- [DATASET EXCERPTS]
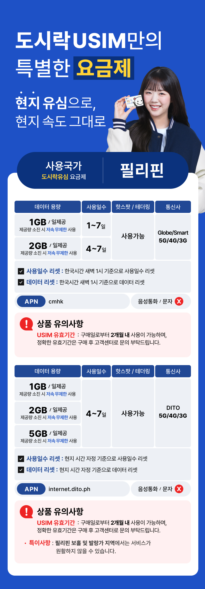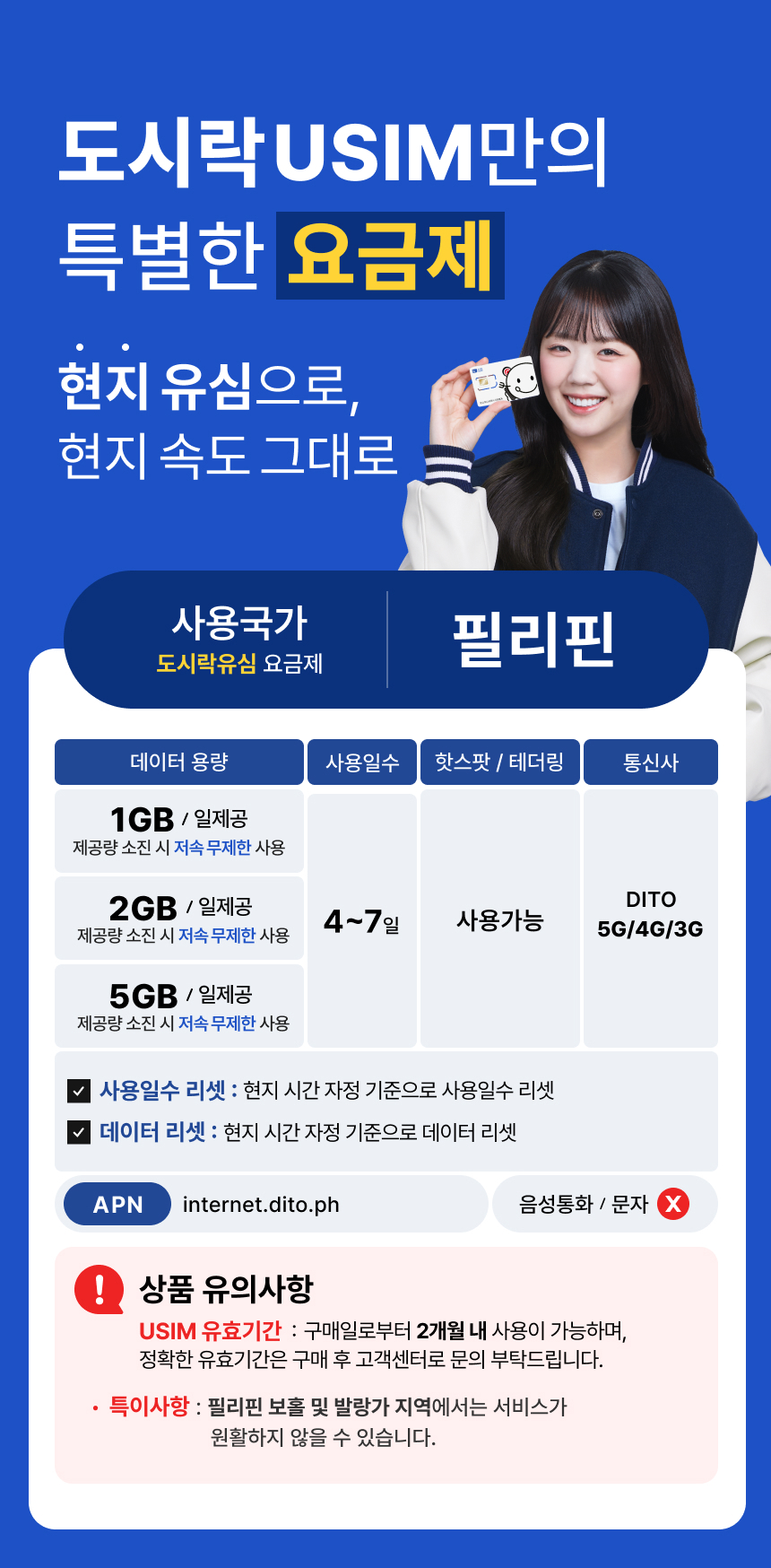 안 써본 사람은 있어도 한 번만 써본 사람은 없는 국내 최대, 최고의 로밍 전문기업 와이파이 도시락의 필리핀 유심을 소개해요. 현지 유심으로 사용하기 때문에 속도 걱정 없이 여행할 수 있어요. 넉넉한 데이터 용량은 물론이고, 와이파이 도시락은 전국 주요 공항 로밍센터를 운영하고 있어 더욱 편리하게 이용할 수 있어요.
==
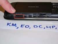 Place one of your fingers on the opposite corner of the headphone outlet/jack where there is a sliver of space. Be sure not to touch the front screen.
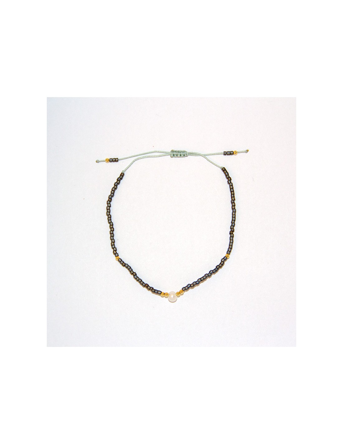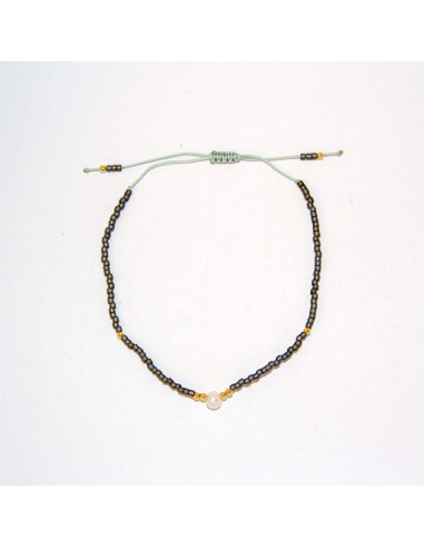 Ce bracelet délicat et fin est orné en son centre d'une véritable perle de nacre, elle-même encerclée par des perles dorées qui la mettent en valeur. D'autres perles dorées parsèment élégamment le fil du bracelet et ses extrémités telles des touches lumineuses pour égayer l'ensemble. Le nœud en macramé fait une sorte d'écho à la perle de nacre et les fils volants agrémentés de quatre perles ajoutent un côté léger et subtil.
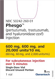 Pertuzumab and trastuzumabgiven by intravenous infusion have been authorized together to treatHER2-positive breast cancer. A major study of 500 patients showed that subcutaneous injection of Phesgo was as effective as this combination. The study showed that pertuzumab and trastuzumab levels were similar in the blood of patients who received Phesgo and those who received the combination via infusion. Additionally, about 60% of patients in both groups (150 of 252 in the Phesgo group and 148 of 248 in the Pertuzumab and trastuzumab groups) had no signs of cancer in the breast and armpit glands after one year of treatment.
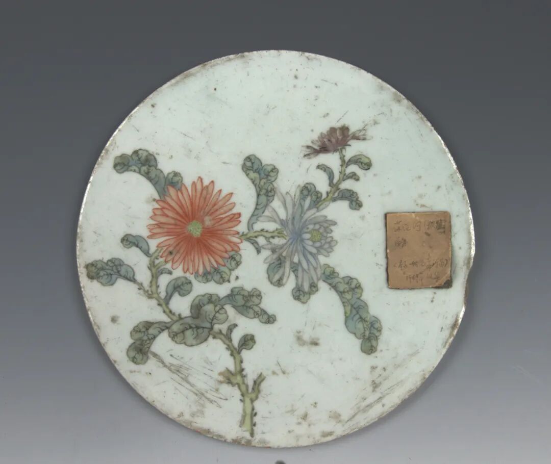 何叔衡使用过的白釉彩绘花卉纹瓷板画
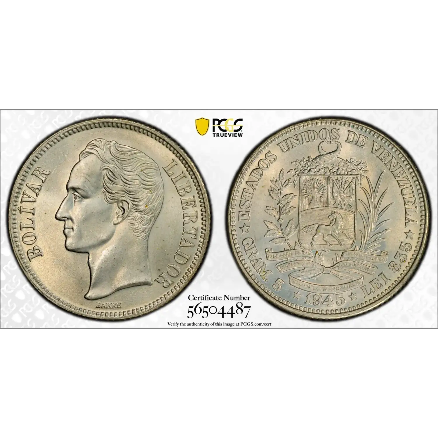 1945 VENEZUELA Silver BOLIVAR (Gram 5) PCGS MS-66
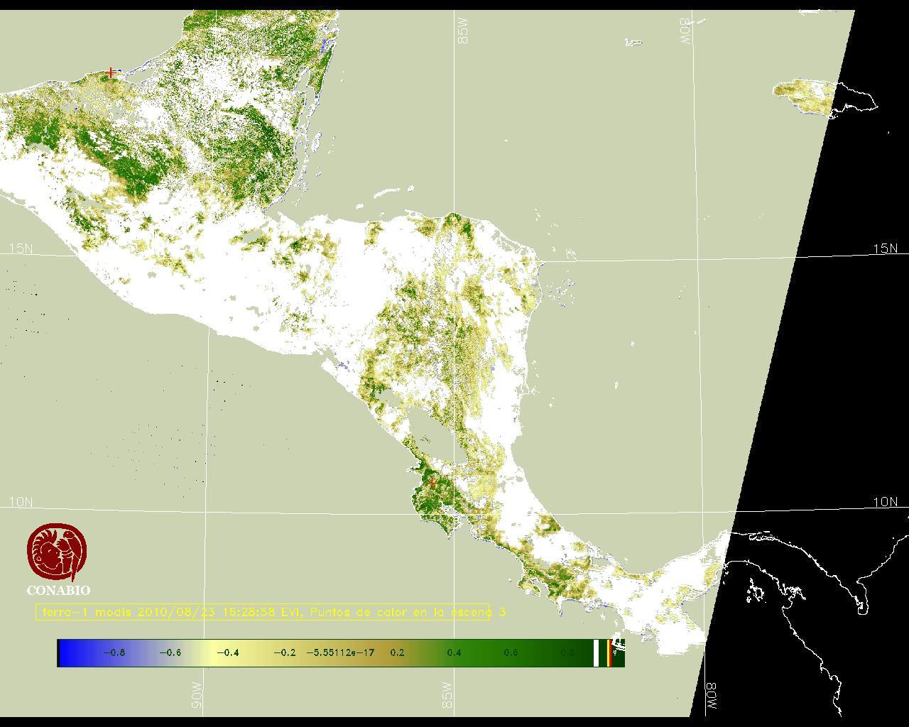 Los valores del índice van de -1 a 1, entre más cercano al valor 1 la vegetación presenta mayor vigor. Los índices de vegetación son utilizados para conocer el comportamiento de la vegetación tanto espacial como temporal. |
* * *
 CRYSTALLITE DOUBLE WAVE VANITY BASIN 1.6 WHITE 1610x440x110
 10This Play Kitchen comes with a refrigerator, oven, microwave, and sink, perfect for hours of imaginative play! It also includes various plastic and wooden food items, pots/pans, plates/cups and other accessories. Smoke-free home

- [YOUR OBJECTIVE] Copy word for word the lines of the records above from the one with "1945 VENEZUELA Silver" up to and including the one with "Los valores del". Skip the pictures.

- [PROBLEM SOLUTION]
 1945 VENEZUELA Silver BOLIVAR (Gram 5) PCGS MS-66
 Los valores del índice van de -1 a 1, entre más cercano al valor 1 la vegetación presenta mayor vigor. Los índices de vegetación son utilizados para conocer el comportamiento de la vegetación tanto espacial como temporal. |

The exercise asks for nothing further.